I am trying to think of the simplest deploy method to aws. Traffic to our site is about 20K users per month with session times of about 4 minutes which is pretty modest. I keep thinking of dockerizing and using ECS, but maybe that is overkill.

Currently i run mysql on the same instance as the website. Although I think it makes sense to possibly push the database to its own VPC..

I would be interested in your thoughts.... thanks again

For deployment we use EKS and ECS. It depends on the needs one customer might have. Kubernetes works amazing for websites that only need 3 or 4 application servers, whilst something like ecs is generally more robust and is used along with amazon rds & elasticache to build a store able to withstand the traffic of a few thousand sessions at once.

Besides that, kubernetes also works way better for cross-cloud. As you can easily take your business to azure / google cloud within a few hours. Which is something that a lot of customers also prefer.

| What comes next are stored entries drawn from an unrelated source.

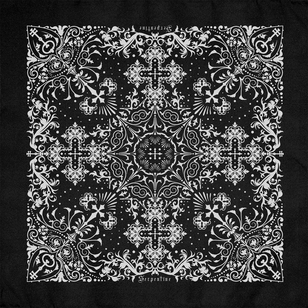 Show your appreciation for Gothic architecture with this new bandana from Serpentine. This Gothica design is white on black and features an intricate design with various crosses and skeleton keys throughout. It’s designed diagonally so once it’s folded and tied it will display at its very best. The cotton fabric makes it easy to wrap and tie on the go!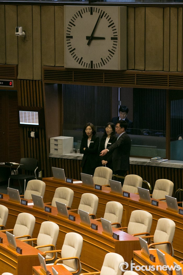 (서울=포커스뉴스) 29일 오후 서울 여의도 국회 본회의장 의원석이 예정된 본회의 개의 시간을 훌쩍 넘기고도 텅 비어 있다. 이날 여야는 본회의를 열어 기업활성화법(일명 '원샷법')을 통과 시키기로 했으나, 최종협상에서 난항을 겪고 있는 것으로 알려졌다.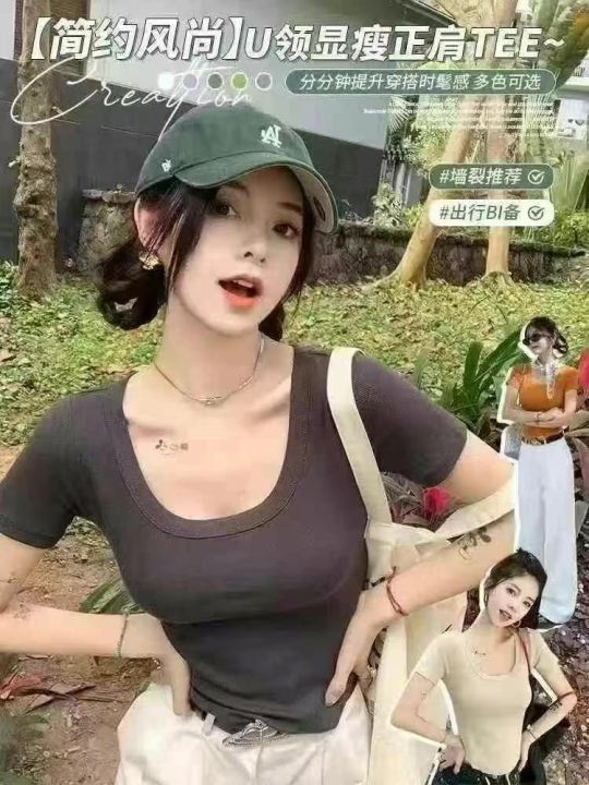 全清6.5冰丝性感短袖t恤女夏季新款修身显瘦辣妹纯欲风上衣,125件高弹力,...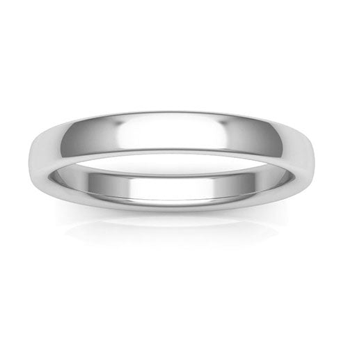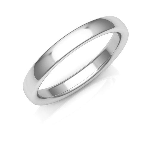 18K White Gold 3mm traditional plain heavy weight low dome comfort fit men's & women's wedding band. This classic ring is for everyday wear.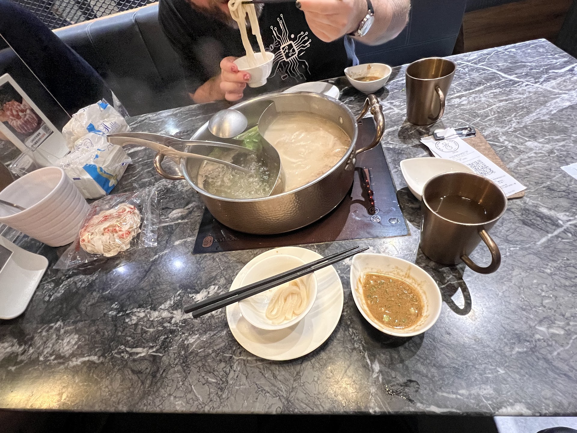 We got the spicy and the plain broths. The spicy one tasted old and like intestines, and it had way too much star anis. The plain broth also tasted a bit off. We ordered six types of meats including three types of waygu, and out of the six only one tasted ok, the rest were dry and tasted off - unfortunately it was unclear to us which one was the ok one, so we didn't bother to order more. Even the ice-cream wasn't as advertised - it hardly had any filling and might as well have been that cheap rainbow ice-cream you get a children's birthday parties.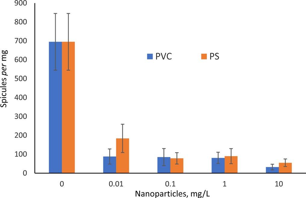 Fig.2. Dependence of the number of spicules per dry weight of primmorph (mg) on nanoplastic concentration. NBD-N2 dye (0.5 μM) was added to the culture medium as a vital dye for new spicules. PVC particle size was 65 nm and PS – 200 nm. The cultivation time was one month.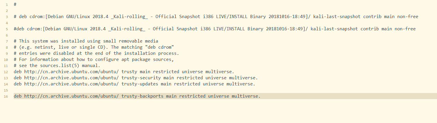deb http://cn.archive.ubuntu.com/ubuntu/ trusty-backports main restricted universe multiverse.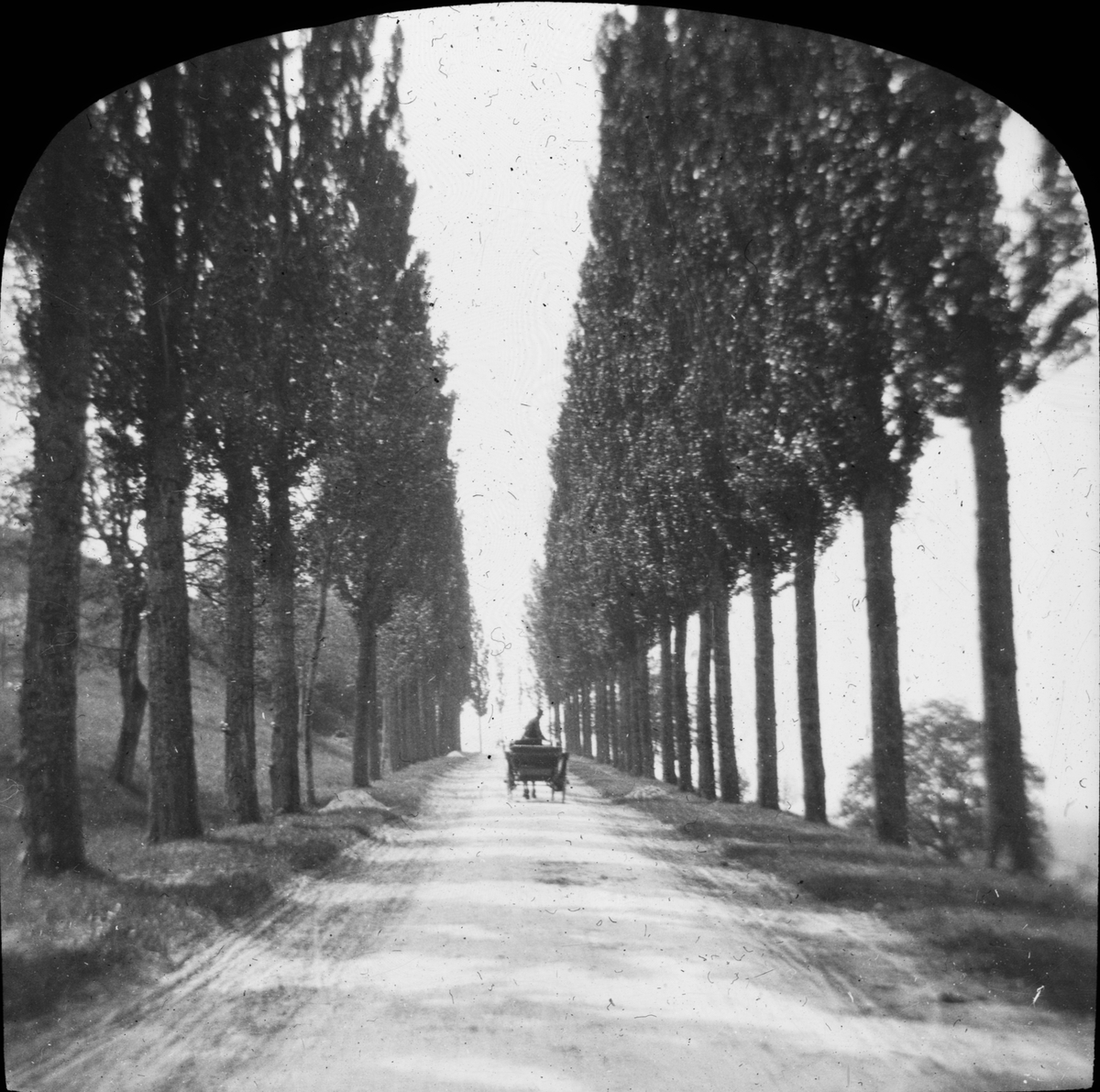 Skioptikonbild med motiv av häst och vagn i allé i Vichy.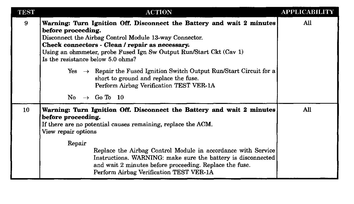 No Response From Airbag Control Module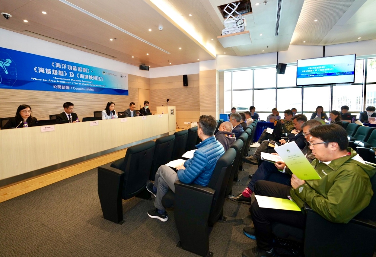 O Governo da RAEM está a realizar uma consulta pública sobre o “Zoneamento Marítimo Funcional”, o “Plano das Áreas Marítimas” e a “Lei de Uso das Áreas Marítimas”, no período de 50 dias, de 29 de Dezembro de 2023 a 16 de Fevereiro de 2024. Hoje (dia 5 de Janeiro), ocorreu a primeira sessão especial de consulta, destinada a todas as associações, conselhos consultivos do Governo e sectores relevantes, com a participação de cerca de 40 representantes de 20 instituições e associações. Os participantes apresentaram suas opiniões e sugestões sobre os três respectivos documentos de consulta pública.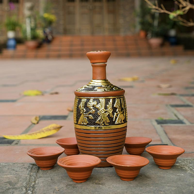 Bộ nậm đựng rượu gốm dát vàng 1 lít bao gồm 1 nậm đựng rượu dung tích 1 lít và 6 bát uống rượu.

Regarding the simplets method to deploy to aws. Just create an aurora database (serverless), with elasticache, and install cscart on a single server. If time comes for autoscaling, its not even that hard to set up at that point. As you will just need to create a docker container for your application and register it accordingly.

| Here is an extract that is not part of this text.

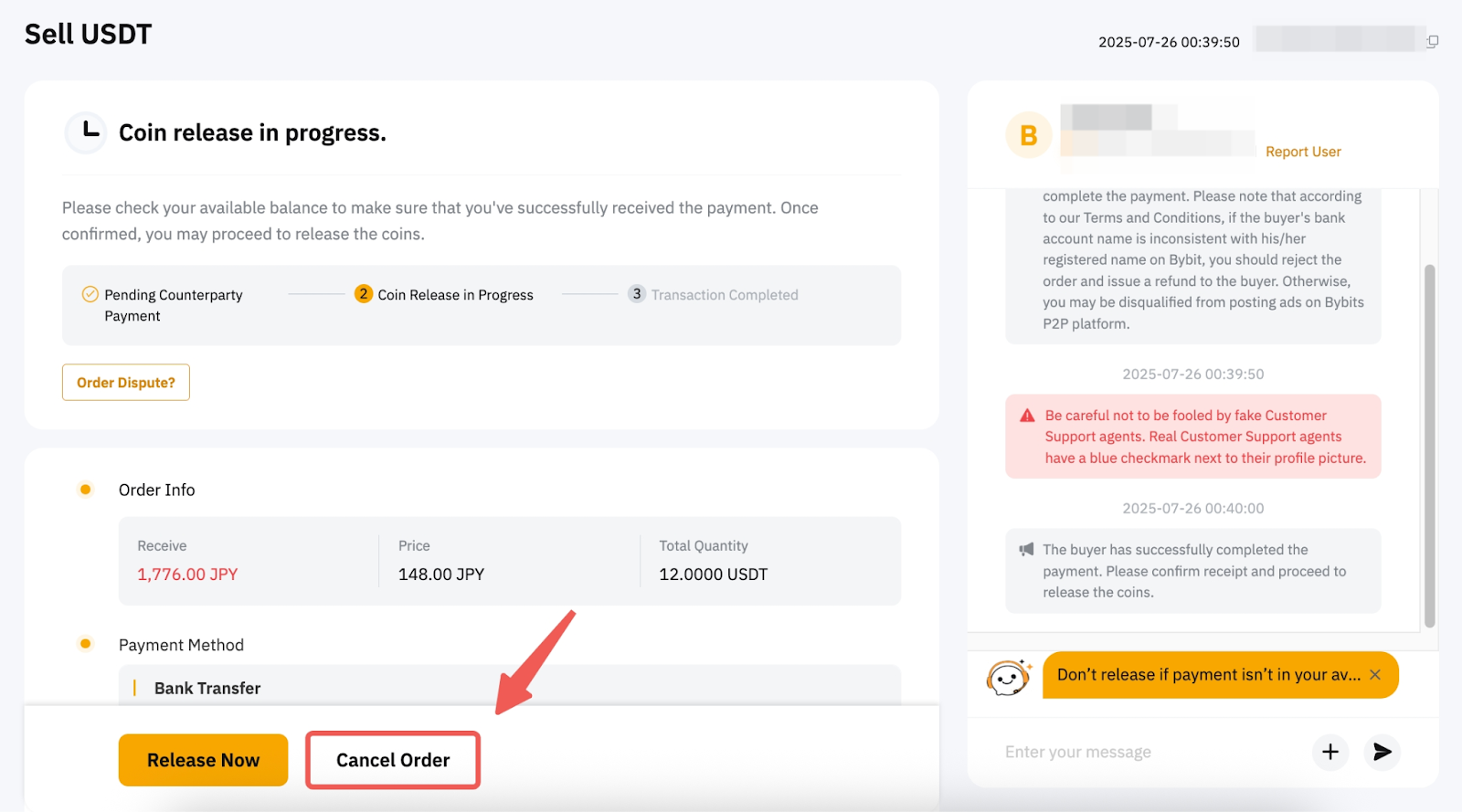 第 1 步:点击 P2P 订单页面底部的取消订单。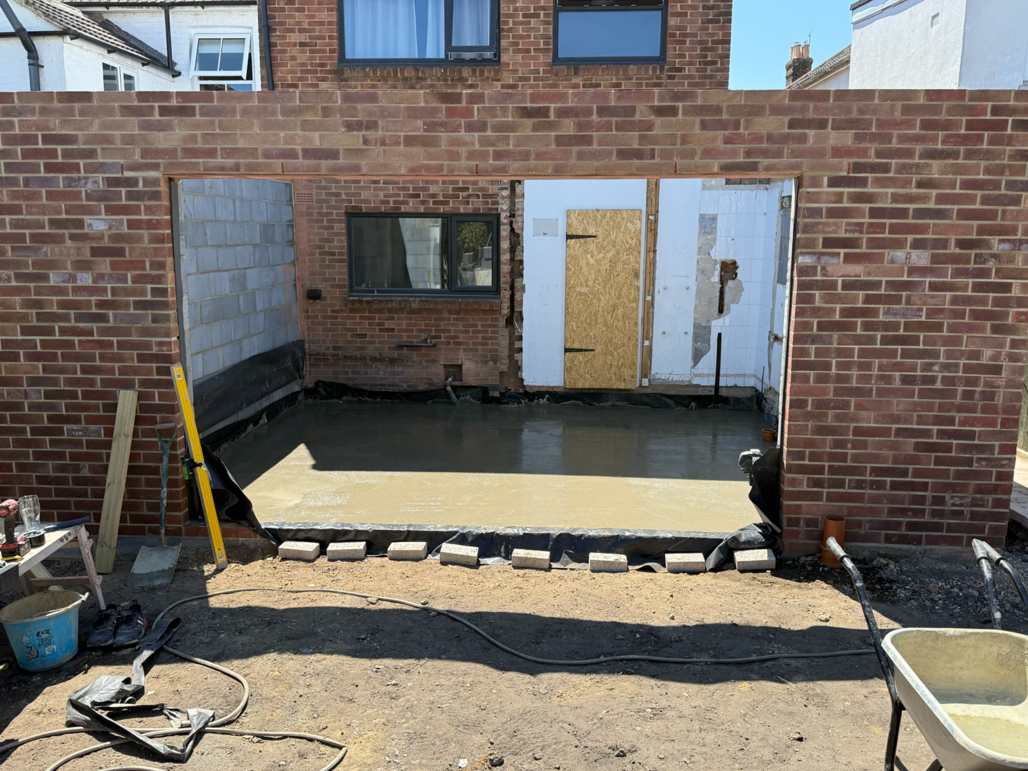 High-quality new build shell completed in Swanage, showcasing precise structural construction and exceptional build standards.

Ok, we are just running a single instance of CS-CART at the moment on an ec2 for our production server. Database and redis are installed on the server... Which is probably an expensive way to run it... Would running it on beanstalk be suitable? We have about 20,000 users per month, so not super high traffic.

**EDIT**

Sorry, it has been a while since I read these posts, but reading your previous post makes sense to me now...

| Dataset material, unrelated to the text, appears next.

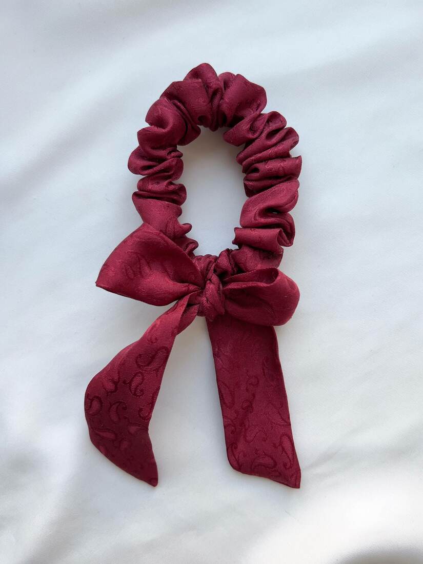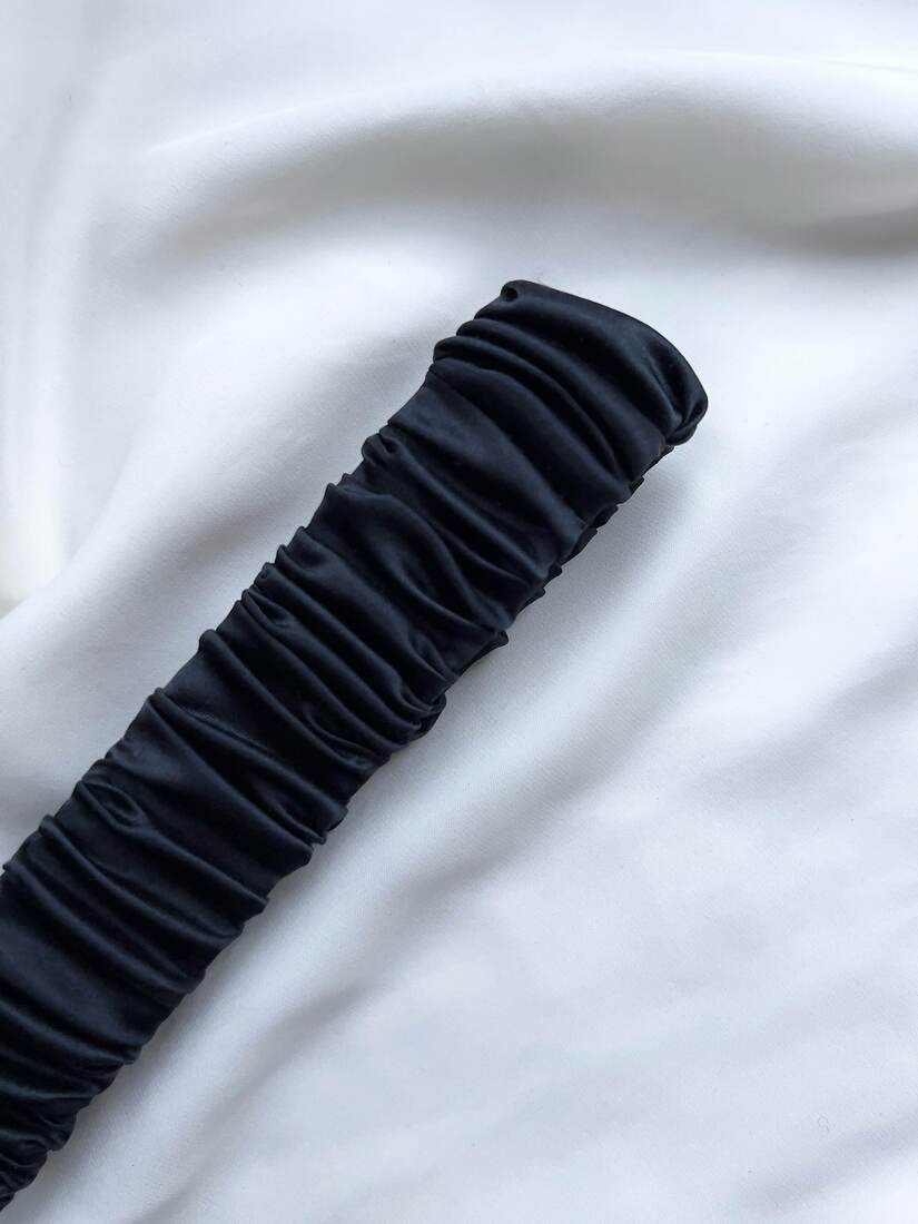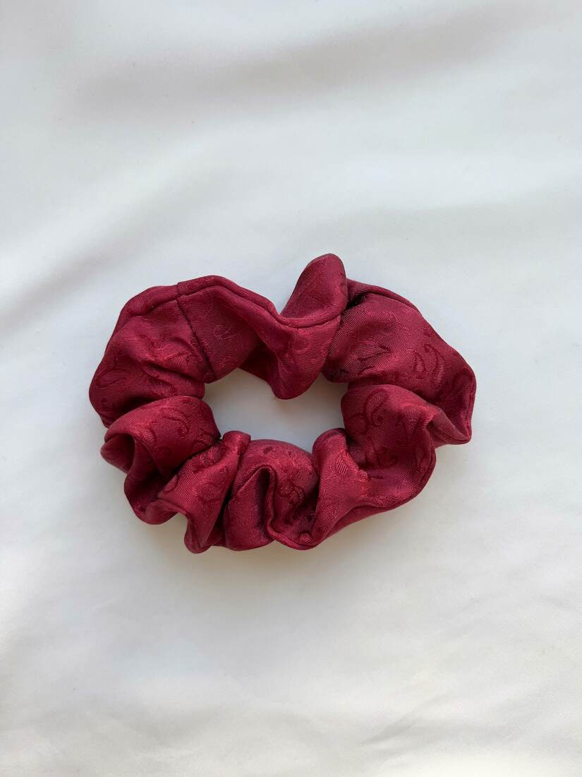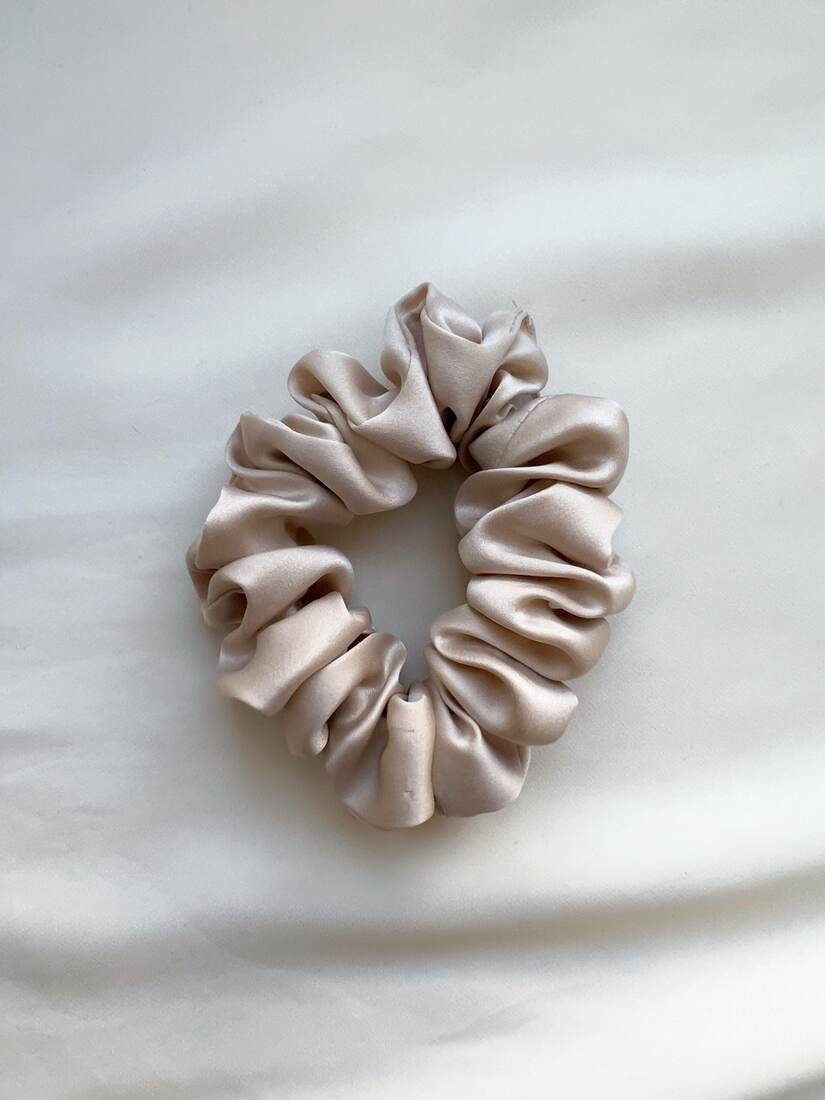 Jedwabna gumka do włosów szyta z materiału z recyklingu. 100% jedwab, średnica: około 10 cm.

I am now thinking that we run with the kubernetes solution as it will perform like for like with our current solution, but also future proof us in that we would be able to scale up in the future...

Considering you obviously have more experience, does that approach sound logical?

One thing I may not have mentioned is that I currently use an NGINX proxy in front of my webserver for caching... would it be worth replacing this with elasticache? I have added some functions to my cscart addon that will clear nginx cache when things like product updates happen, product category reassignment etc.... rather than wiping the whole cache... I would need to consider how I do this in elasticache...

Ok, we are just running a single instance of CS-CART at the moment on an ec2 for our production server. Database and redis are installed on the server... Which is probably an expensive way to run it... Would running it on beanstalk be suitable? We have about 20,000 users per month, so not super high traffic.

**EDIT**

Sorry, it has been a while since I read these posts, but reading your previous post makes sense to me now...

I am now thinking that we run with the kubernetes solution as it will perform like for like with our current solution, but also future proof us in that we would be able to scale up in the future...

Considering you obviously have more experience, does that approach sound logical?

One thing I may not have mentioned is that I currently use an NGINX proxy in front of my webserver for caching... would it be worth replacing this with elasticache? I have added some functions to my cscart addon that will clear nginx cache when things like product updates happen, product category reassignment etc.... rather than wiping the whole cache... I would need to consider how I do this in elasticache...

You can still use nginx as a proxy. ElastiCache is just managed, scalable redis basically. Elastic Beanstalk is an option for sure, although I rather stick with cloud formation due to the fact that Beanstalk is fairly slow at updating (no PHP 8 support yet).